Machann J, Schnatterbeck P, Raible A, Lutz O, Claussen CD, Schick F. Magnetic resonance osteodensitometry in human heel bones: Correlation with quantitative computed tomography using different measuring parameters. Invest Radiol 2000:35:393–400.
RATIONALE AND OBJECTIVES.
Density of trabecular bone structures in human heel bones was assessed by 3D magnetic resonance (MR) gradient echo imaging (GEI) with multiple echoes. Different spatial resolutions were applied to investigate the influence of the pixel size on signal characteristics in GEI and to find suitable measuring parameters for a maximum correlation between GEI and bone mineral density obtained by quantitative computed tomography (QCT).
Thirty-five patients aged 31 to 65 years with suspected osteoporosis underwent MR and QCT examinations of the heel bones. The MR protocol included 3D GEI with three echo times (TE1 = 9.3, TE2 = 27.9, and TE3 = 46.5 ms) and isotropic pixel sizes of (0.6 mm)3, (1.2 mm)3, and (2.4 mm)3. Several subregions in the heel bones were analyzed.
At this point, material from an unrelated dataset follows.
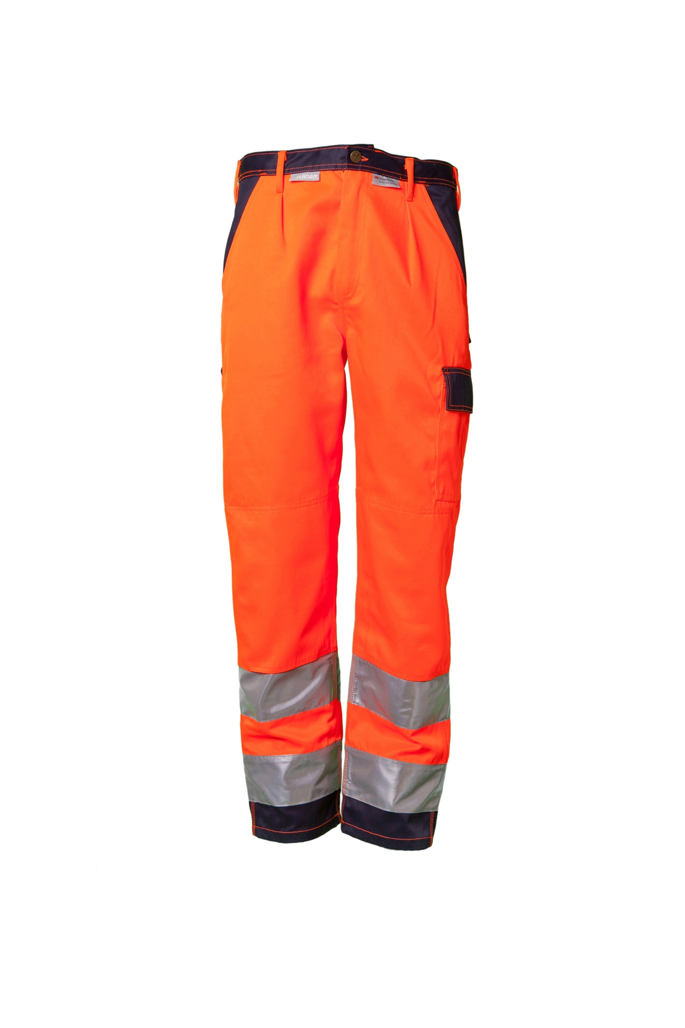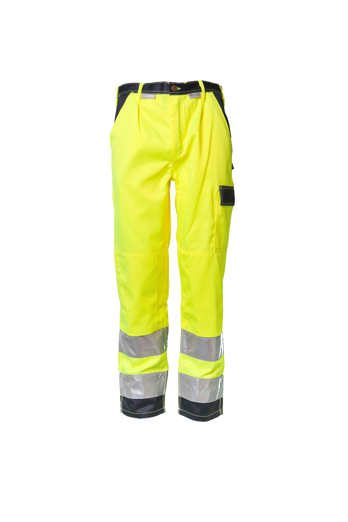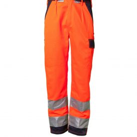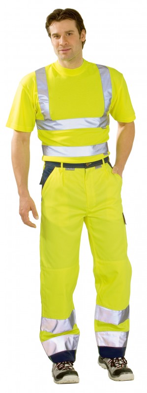 ” High Visible” Divkrāsu bikses. “Komforts tas labākais”. Dubults nošuvums ceļgalu rajonā, cilpa āmuram, mobīla telefona kabata, augšstilba kabata ar klapīti, instrumentu kabata uz labā augšstilba, jostas cilpas jostu, 2 sānu kabatas, 2 pastiprinātas muguras kabatas ar atloku. Kabatu rajonā un bikšu staru galos tumšās krāsas ielaidumi 2 gab. 5 cm atstarojošās lentasuz bikšu starām.

For determination of signal reduction with increasing TE, signal intensity ratios were calculated pixelwise from images with TE2/TE1 and TE3/TE1.
All examinations showed that the T2*-related signal decrease was more pronounced for lower spatial resolution. In the dorsal part of the heel bones, the correlation between signal ratios in GEI and QCT-based bone mineral density values was between r = −0.86 for a spatial resolution of (0.6 mm)3 and r = −0.73 for (2.4 mm)3. Areas with low trabecular density in the ventral part of the heel bones showed clearly lower correlation coefficients ( −0.65 < r < −0.67).
Spatial resolution in 3D GEI clearly influences the T2*-related signal characteristics. Despite measuring different physical properties of spongy bone by GEI and QCT, a relatively high correlation between GEI with small pixel sizes and QCT was obtained in the dorsal part of the heel bones, but not in the ventral part with partly thickened trabeculae and irregular distribution. However, standardized measuring protocols with preferably small pixel sizes (as low as [0.6 mm]3) should be applied, and correlation curves must be determined, dependent on the actual bone marrow site, before clinical routine MR osteodensitometry becomes possible.